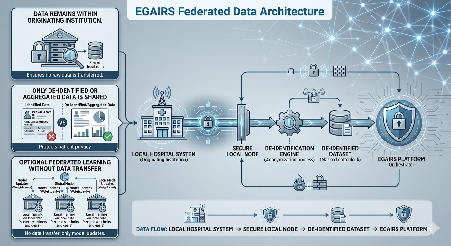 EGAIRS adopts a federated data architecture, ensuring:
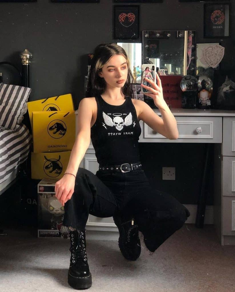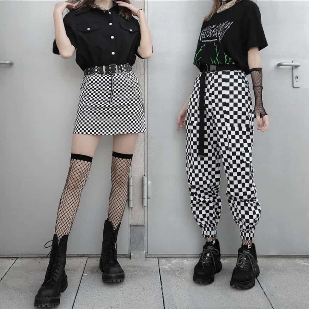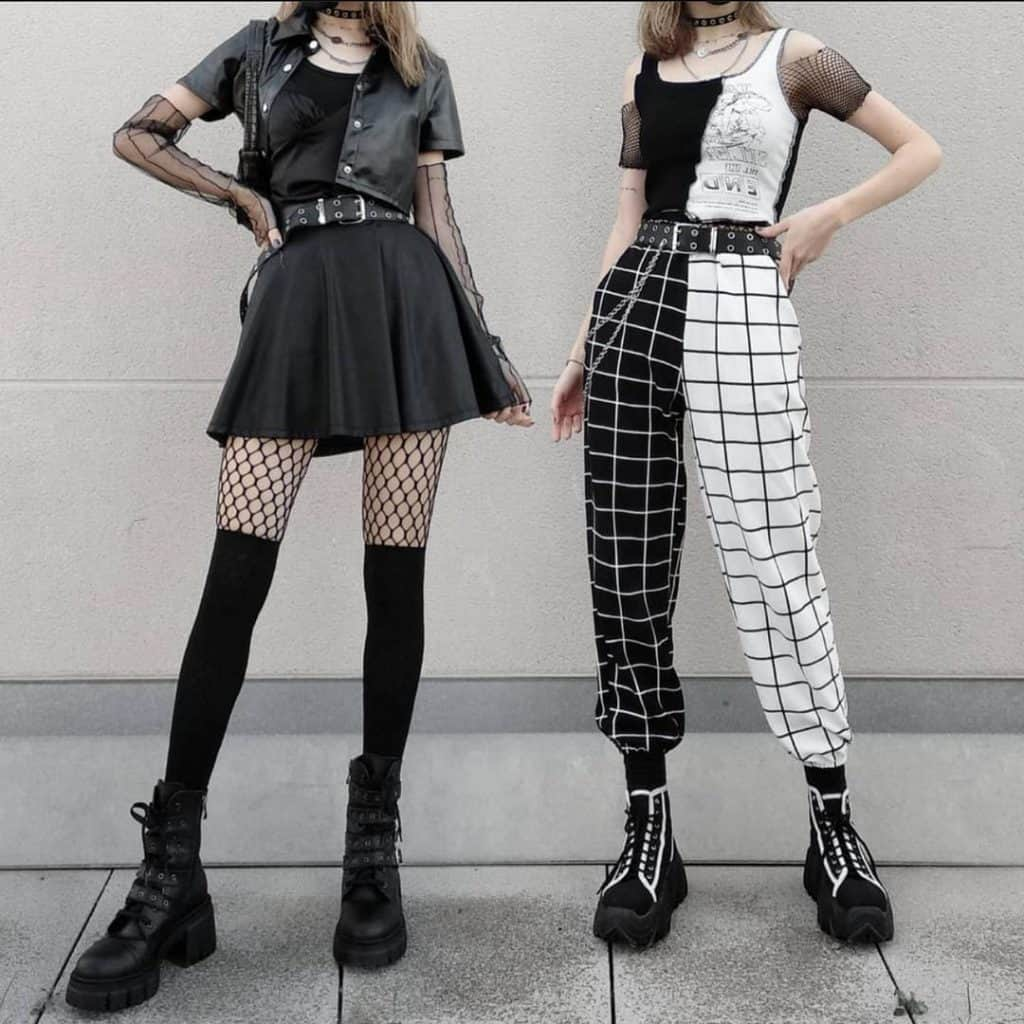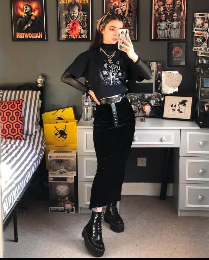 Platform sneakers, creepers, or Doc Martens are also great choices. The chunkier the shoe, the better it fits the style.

★ ★ ★ ★

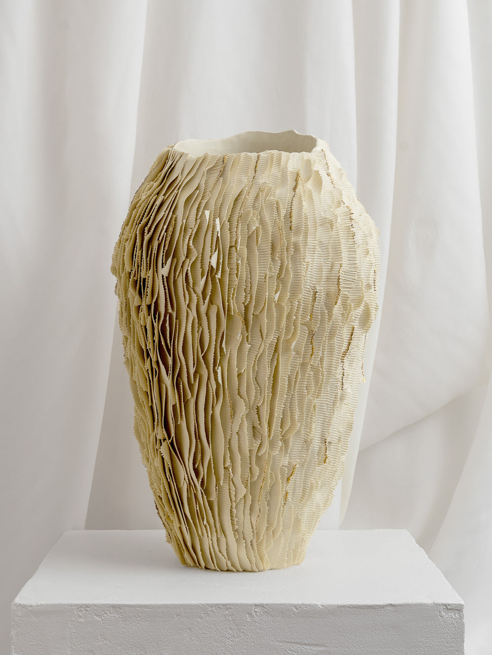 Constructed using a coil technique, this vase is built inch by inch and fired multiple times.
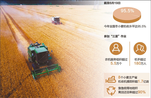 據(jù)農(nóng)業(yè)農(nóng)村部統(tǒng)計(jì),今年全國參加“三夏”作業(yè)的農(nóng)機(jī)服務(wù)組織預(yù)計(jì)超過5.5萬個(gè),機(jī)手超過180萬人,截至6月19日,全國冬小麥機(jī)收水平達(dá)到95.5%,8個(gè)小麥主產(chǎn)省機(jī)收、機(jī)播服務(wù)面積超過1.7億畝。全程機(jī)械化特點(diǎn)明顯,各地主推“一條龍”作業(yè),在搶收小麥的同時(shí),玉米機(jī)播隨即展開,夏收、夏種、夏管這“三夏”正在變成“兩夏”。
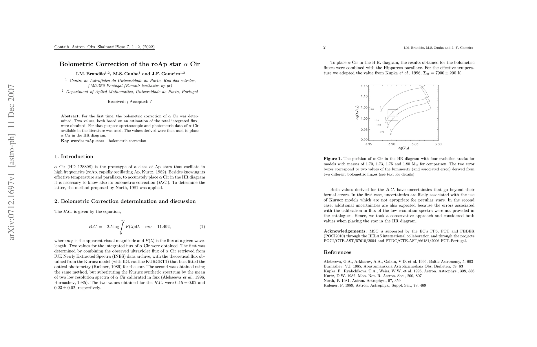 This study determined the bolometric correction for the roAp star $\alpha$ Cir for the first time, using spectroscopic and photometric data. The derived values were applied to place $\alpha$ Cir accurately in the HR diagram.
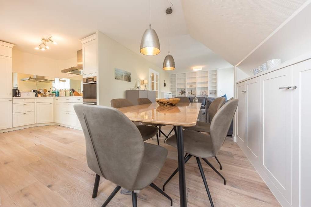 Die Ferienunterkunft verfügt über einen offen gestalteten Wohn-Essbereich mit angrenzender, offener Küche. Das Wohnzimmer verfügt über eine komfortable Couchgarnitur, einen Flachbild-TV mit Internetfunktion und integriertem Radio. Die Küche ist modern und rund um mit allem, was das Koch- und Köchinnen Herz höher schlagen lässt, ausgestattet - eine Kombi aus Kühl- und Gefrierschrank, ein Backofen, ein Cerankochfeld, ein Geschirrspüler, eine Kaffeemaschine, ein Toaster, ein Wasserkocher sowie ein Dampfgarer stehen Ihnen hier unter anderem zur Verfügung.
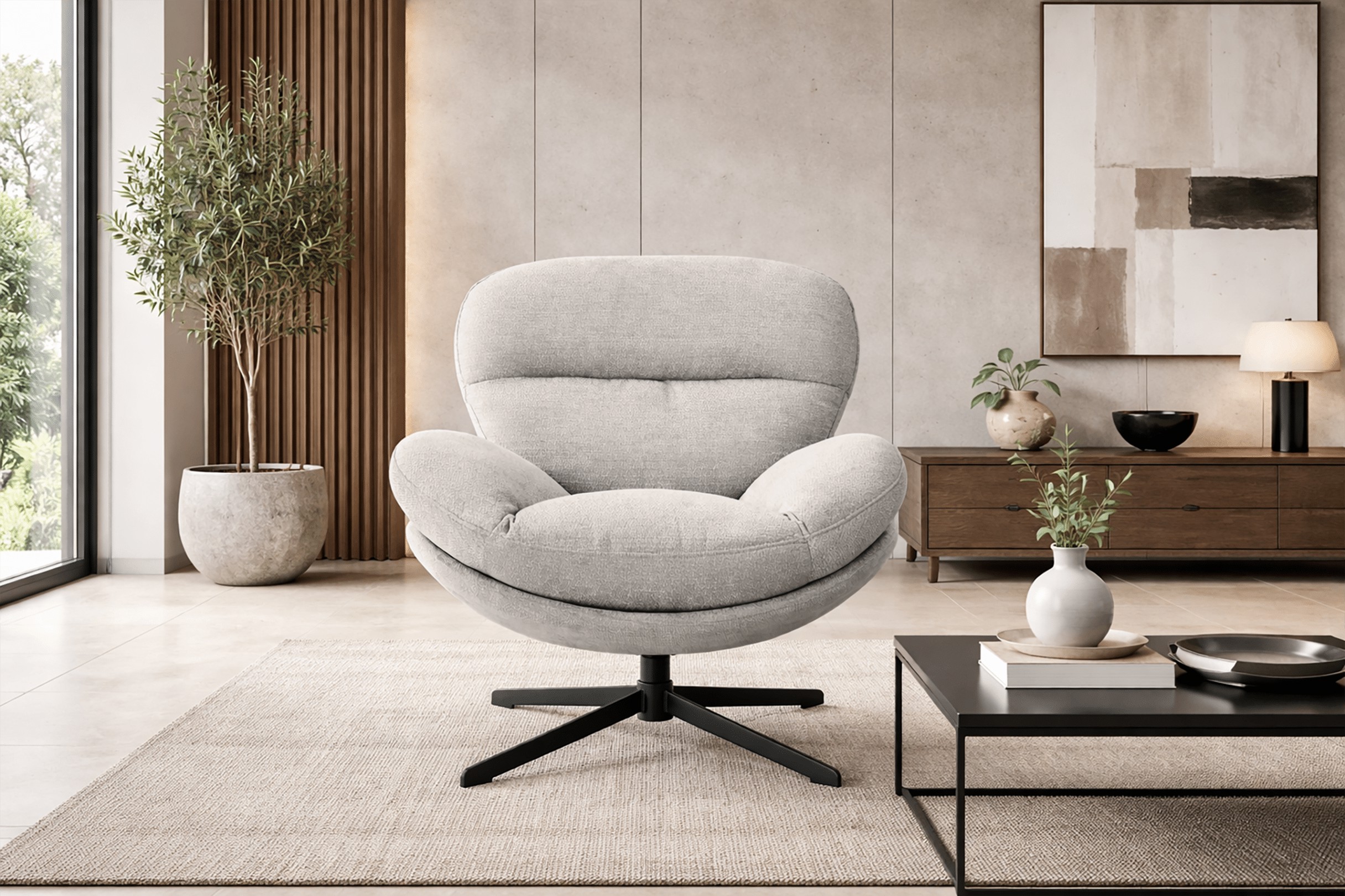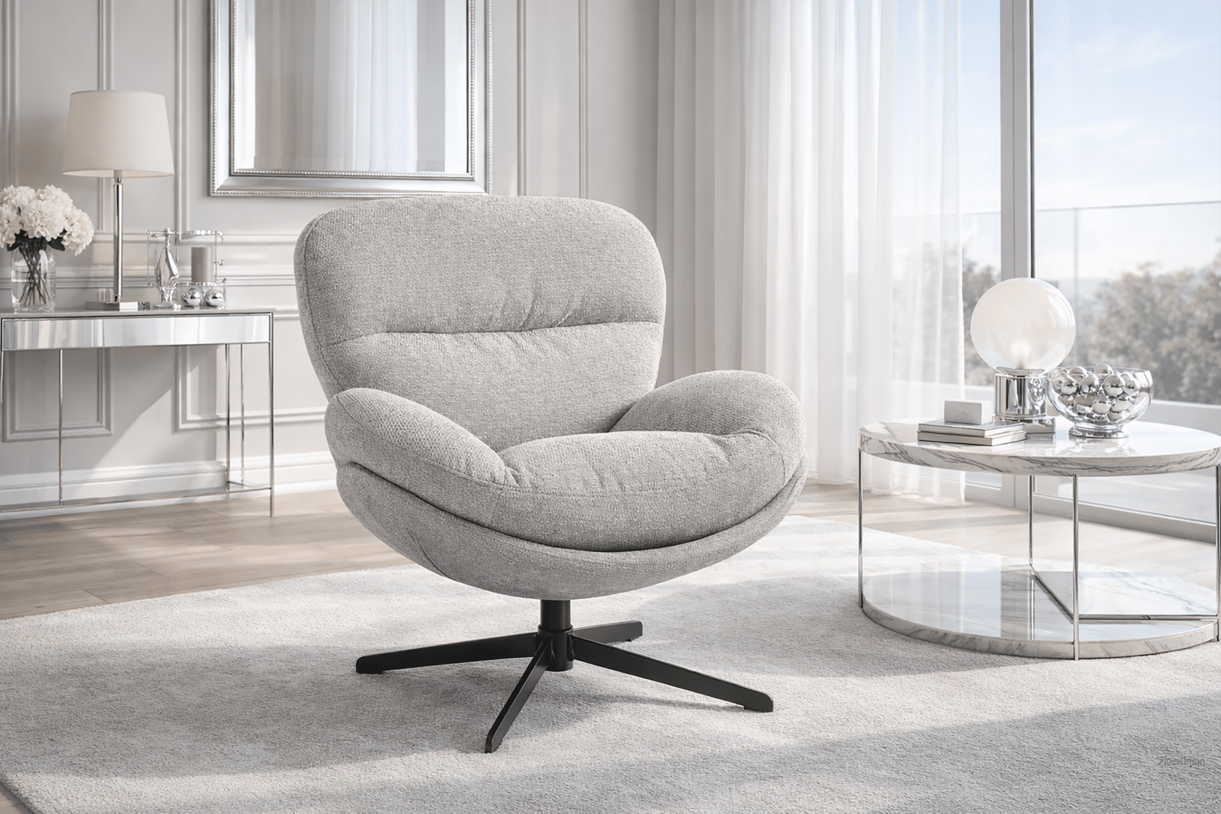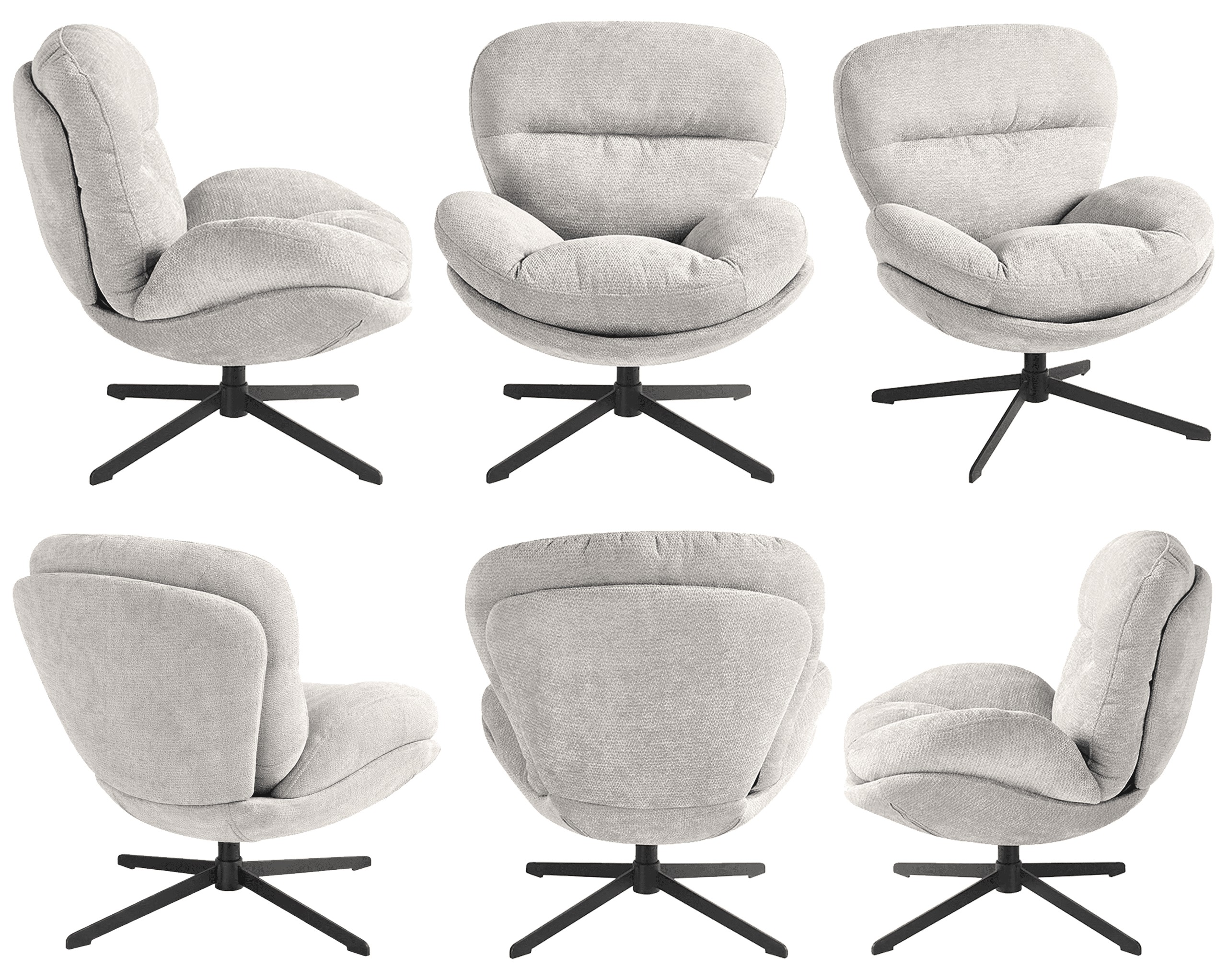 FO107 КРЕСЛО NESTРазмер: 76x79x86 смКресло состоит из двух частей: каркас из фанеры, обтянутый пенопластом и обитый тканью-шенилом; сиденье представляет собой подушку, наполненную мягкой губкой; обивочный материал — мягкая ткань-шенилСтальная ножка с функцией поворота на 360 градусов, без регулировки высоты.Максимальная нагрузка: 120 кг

★ ★ ★ ★

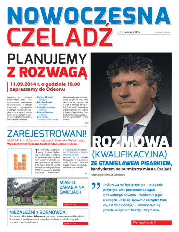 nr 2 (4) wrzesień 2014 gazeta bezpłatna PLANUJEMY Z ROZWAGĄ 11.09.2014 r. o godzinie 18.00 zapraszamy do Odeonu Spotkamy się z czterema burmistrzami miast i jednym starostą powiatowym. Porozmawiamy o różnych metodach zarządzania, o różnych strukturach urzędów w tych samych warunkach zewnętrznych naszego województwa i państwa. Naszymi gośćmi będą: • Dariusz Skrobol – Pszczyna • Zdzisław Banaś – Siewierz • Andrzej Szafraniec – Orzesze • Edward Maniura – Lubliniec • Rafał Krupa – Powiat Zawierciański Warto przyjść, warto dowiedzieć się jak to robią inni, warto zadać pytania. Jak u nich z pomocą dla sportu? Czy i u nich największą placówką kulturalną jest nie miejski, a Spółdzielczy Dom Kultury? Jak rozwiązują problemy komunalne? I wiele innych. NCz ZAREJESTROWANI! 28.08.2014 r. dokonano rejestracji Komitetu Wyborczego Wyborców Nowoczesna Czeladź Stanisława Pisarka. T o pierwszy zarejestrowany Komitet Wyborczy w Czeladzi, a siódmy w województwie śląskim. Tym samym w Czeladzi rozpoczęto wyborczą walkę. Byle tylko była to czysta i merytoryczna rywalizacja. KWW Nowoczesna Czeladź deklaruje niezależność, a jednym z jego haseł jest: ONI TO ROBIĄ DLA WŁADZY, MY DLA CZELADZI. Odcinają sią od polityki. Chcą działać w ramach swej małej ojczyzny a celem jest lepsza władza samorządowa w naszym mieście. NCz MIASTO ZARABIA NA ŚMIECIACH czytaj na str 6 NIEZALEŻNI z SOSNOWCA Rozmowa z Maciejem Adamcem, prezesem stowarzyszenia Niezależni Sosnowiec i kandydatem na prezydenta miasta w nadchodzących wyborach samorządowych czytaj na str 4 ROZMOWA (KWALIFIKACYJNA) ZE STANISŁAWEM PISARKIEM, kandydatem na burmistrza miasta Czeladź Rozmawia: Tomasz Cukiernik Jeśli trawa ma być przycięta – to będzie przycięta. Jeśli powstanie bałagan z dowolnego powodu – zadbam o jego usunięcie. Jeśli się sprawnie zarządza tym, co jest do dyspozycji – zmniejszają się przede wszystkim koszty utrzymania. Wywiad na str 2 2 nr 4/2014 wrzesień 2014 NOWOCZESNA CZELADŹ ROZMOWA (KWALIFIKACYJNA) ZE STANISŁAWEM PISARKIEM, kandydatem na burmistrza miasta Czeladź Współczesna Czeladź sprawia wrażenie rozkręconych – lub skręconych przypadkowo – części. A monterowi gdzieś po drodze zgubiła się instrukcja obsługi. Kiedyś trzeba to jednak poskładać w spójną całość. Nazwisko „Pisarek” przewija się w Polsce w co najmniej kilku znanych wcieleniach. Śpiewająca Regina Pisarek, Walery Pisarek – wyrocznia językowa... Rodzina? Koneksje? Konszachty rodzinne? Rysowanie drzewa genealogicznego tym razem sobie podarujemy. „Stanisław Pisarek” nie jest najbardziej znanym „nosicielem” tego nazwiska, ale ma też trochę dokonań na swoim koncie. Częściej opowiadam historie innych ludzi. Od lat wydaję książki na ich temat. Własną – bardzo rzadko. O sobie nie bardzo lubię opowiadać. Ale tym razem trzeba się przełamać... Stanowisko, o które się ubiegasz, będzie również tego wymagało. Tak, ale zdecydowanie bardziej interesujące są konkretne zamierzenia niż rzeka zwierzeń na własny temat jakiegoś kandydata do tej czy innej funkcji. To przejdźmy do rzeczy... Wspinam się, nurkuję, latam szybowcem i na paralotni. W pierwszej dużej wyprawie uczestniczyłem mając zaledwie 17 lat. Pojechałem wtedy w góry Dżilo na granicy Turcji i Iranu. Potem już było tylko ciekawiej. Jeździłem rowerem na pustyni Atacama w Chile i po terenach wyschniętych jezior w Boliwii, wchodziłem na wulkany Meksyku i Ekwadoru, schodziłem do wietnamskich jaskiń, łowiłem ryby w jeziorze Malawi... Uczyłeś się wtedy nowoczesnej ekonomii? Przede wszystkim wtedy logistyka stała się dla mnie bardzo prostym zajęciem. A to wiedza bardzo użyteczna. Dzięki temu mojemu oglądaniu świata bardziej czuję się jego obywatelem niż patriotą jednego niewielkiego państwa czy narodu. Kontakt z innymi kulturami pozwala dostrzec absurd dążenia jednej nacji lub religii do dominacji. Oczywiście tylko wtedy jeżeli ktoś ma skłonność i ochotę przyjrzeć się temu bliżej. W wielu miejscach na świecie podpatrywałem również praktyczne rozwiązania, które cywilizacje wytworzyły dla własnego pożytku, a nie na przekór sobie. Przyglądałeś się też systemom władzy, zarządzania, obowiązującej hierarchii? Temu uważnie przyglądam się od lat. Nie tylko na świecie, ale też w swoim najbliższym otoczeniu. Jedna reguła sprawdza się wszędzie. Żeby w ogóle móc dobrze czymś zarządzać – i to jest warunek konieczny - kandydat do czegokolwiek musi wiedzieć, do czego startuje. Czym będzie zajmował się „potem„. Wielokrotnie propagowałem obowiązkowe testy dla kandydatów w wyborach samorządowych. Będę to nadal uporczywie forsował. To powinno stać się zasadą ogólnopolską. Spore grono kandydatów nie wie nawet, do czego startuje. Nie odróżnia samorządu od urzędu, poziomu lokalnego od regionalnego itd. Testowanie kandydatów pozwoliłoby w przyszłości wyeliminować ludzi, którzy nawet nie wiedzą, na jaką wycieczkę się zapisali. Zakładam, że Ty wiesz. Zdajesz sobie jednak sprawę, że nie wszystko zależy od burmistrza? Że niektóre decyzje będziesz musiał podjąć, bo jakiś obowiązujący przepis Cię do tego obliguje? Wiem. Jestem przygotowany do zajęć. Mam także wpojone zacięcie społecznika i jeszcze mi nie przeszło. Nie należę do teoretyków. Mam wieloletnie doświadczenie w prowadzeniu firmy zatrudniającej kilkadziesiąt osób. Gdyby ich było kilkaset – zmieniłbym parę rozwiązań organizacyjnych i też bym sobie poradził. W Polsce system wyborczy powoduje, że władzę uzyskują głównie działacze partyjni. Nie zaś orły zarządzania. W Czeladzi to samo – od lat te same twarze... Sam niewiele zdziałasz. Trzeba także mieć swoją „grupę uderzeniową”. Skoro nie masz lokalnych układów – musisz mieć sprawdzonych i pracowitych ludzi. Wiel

★ ★ ★ ★

_ABOUT THIS TASK_. The result should be an exact copy of only the lines above from the one that holds "Constructed using a" through the one that holds "FO107 КРЕСЛО NESTРазмер: 76x79x86", both ends included, without pictures.

_SOLVED PROBLEM_.
 Constructed using a coil technique, this vase is built inch by inch and fired multiple times.
 據(jù)農(nóng)業(yè)農(nóng)村部統(tǒng)計(jì),今年全國參加“三夏”作業(yè)的農(nóng)機(jī)服務(wù)組織預(yù)計(jì)超過5.5萬個(gè),機(jī)手超過180萬人,截至6月19日,全國冬小麥機(jī)收水平達(dá)到95.5%,8個(gè)小麥主產(chǎn)省機(jī)收、機(jī)播服務(wù)面積超過1.7億畝。全程機(jī)械化特點(diǎn)明顯,各地主推“一條龍”作業(yè),在搶收小麥的同時(shí),玉米機(jī)播隨即展開,夏收、夏種、夏管這“三夏”正在變成“兩夏”。
 This study determined the bolometric correction for the roAp star $\alpha$ Cir for the first time, using spectroscopic and photometric data. The derived values were applied to place $\alpha$ Cir accurately in the HR diagram.
 Die Ferienunterkunft verfügt über einen offen gestalteten Wohn-Essbereich mit angrenzender, offener Küche. Das Wohnzimmer verfügt über eine komfortable Couchgarnitur, einen Flachbild-TV mit Internetfunktion und integriertem Radio. Die Küche ist modern und rund um mit allem, was das Koch- und Köchinnen Herz höher schlagen lässt, ausgestattet - eine Kombi aus Kühl- und Gefrierschrank, ein Backofen, ein Cerankochfeld, ein Geschirrspüler, eine Kaffeemaschine, ein Toaster, ein Wasserkocher sowie ein Dampfgarer stehen Ihnen hier unter anderem zur Verfügung.
 FO107 КРЕСЛО NESTРазмер: 76x79x86 смКресло состоит из двух частей: каркас из фанеры, обтянутый пенопластом и обитый тканью-шенилом; сиденье представляет собой подушку, наполненную мягкой губкой; обивочный материал — мягкая ткань-шенилСтальная ножка с функцией поворота на 360 градусов, без регулировки высоты.Максимальная нагрузка: 120 кг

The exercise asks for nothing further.